**Work required**
Exactly as they appear, please output the lines from the one with "Rosa, lirio e" through the end of the material, without pictures.

**Data**

-------------------------

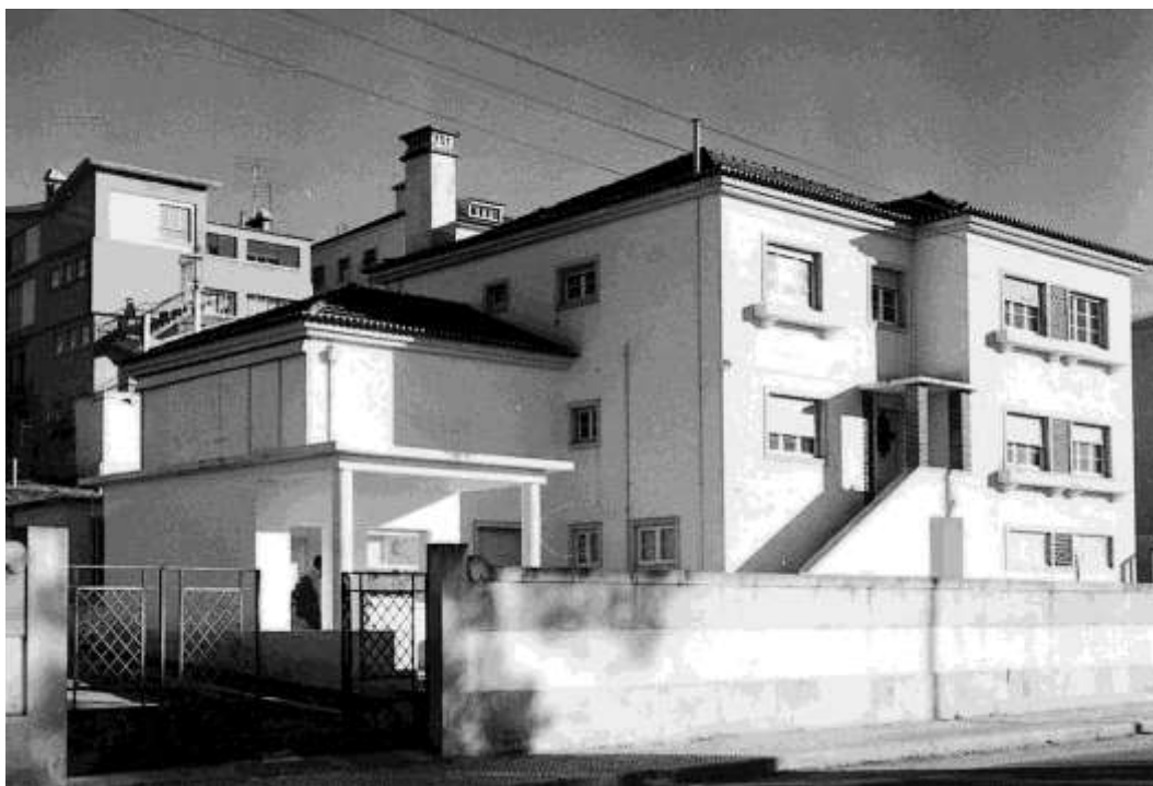
Figura 28. Foto do Centro inicial, em Coimbra

Fiel ao seu mais nobre compromisso, “a excelência de bem cuidar o Doente Oncológico”, tem múltiplos projectos para o futuro, entre os quais se destacam a criação de uma Unidade de Cuidados Continuados e de um lar para doentes, uma nova Unidade de internamento, a criação de um Serviço de Medicina Nuclear e melhorias na Radioterapia e Ultrassonografia endoscópica.
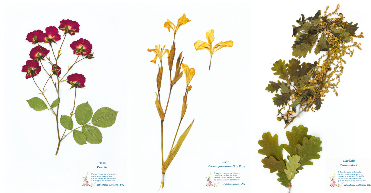
Rosa, lirio e carballo, no 'Herbario de Rosalía'
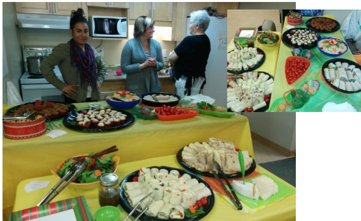
Lunch rencontre CCR OMHG

-------------------------

**Task result**
Rosa, lirio e carballo, no 'Herbario de Rosalía'
Lunch rencontre CCR OMHG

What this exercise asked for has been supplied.